Data provided |
- - - - -

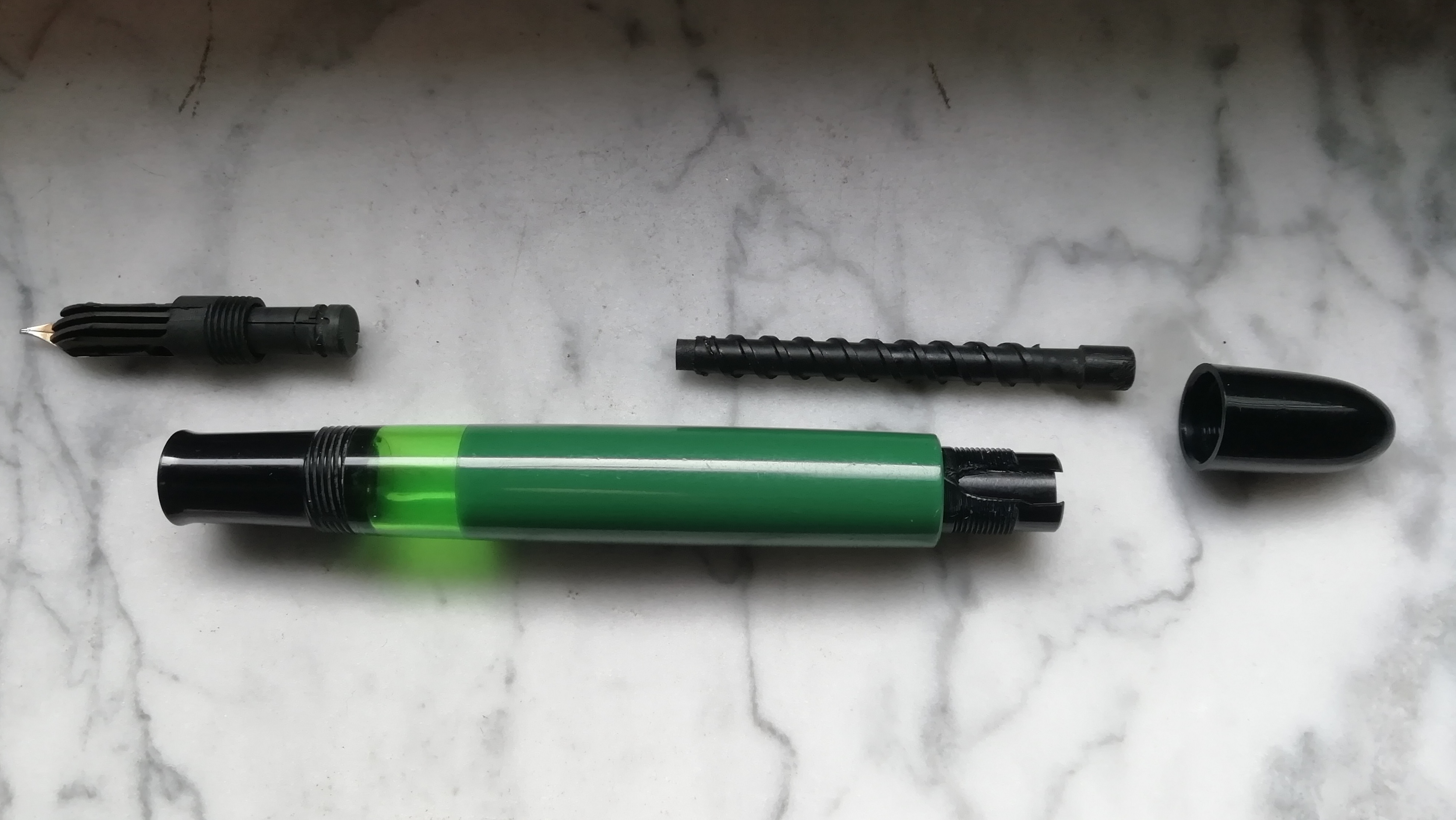 Il pistone proverò ad azionarlo solo dopo un prolungato bagno. Ho visto anche che il gruppo pennino si svita senza problemi.
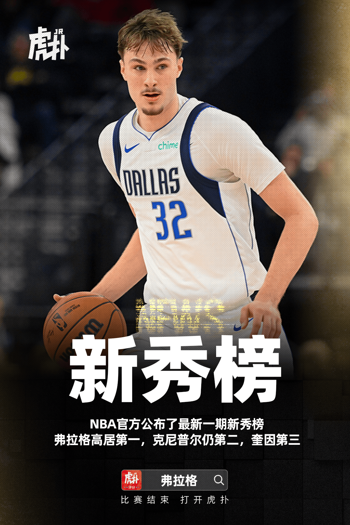 虎撲12月18日訊 今日,NBA官方更新了最新一期的格榜新秀榜:
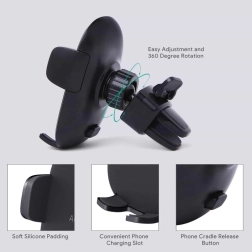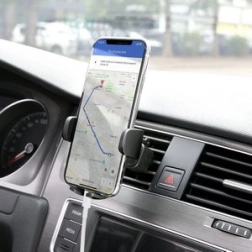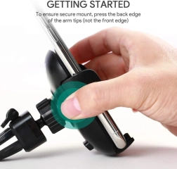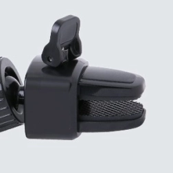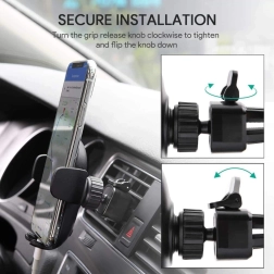 La mâchoire largement réglable avec bouton de libération rapide permet d’insérer et de retirer le téléphone en un éclair. Les surfaces de contact sont revêtues de silicone doux, qui amortit les vibrations, empêche le glissement et protège des rayures. Le mécanisme de fixation est compatible avec la plupart des aérations standard – il s’adapte aux ailettes horizontales et verticales, ainsi qu’aux grilles fines ou épaisses.
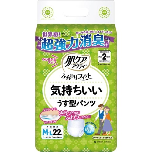 尿・汗・便臭をやわらげる抗菌消臭シート採用。歩ける方、立てる方、座れる方におすすめのうす型タイプ。M-Lサイズ、22枚×4パック。
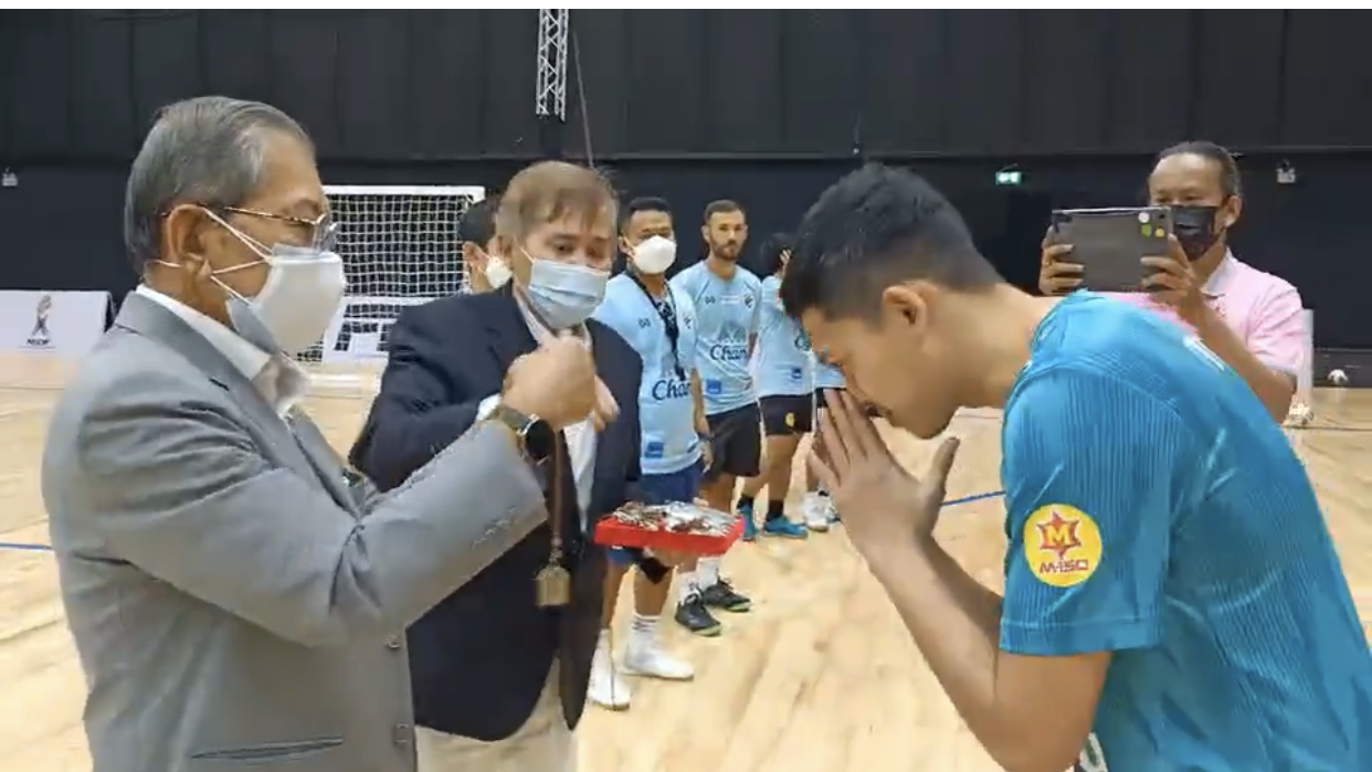 23 ส.ค.64 ทีมฟุตซอลไทยได้รับของการปลุกใจจาก “ศ.วิชา มหาคุณ” ประธานมูลนิธิต่อต้านการทุจริต พร้อมด้วย”บิ๊กสุ”สุทิน บัวตูม ผู้จัดการทีมฟุตซอลไทย และ”ท่านอดิศร ไชยคุปส์”รองอธิบดีอัยการฝ่ายพัฒนา สำนักงานอัยการสูงสุด ที่มอบ พระขุนแผนพรายกุมาร หลวงปู่ทิม อิสริโก วัดละหารไร่ รุ่นสร้างวาระพิเศษในการสร้างโบสถ์ ปี พ.ศ.2513-2515 ให้กับทีมฟุตซอลไทยทั้งคณะเพื่อเป็นขวัญและกำลังใจก่อนไปสู้ศึกฟุตซอลโลก2021

- - - - -

The output is the lines from the start of the data above through the line containing "尿・汗・便臭をやわらげる抗菌", unchanged, with any picture left out.

 Il pistone proverò ad azionarlo solo dopo un prolungato bagno. Ho visto anche che il gruppo pennino si svita senza problemi.
 虎撲12月18日訊 今日,NBA官方更新了最新一期的格榜新秀榜:
 La mâchoire largement réglable avec bouton de libération rapide permet d’insérer et de retirer le téléphone en un éclair. Les surfaces de contact sont revêtues de silicone doux, qui amortit les vibrations, empêche le glissement et protège des rayures. Le mécanisme de fixation est compatible avec la plupart des aérations standard – il s’adapte aux ailettes horizontales et verticales, ainsi qu’aux grilles fines ou épaisses.
 尿・汗・便臭をやわらげる抗菌消臭シート採用。歩ける方、立てる方、座れる方におすすめのうす型タイプ。M-Lサイズ、22枚×4パック。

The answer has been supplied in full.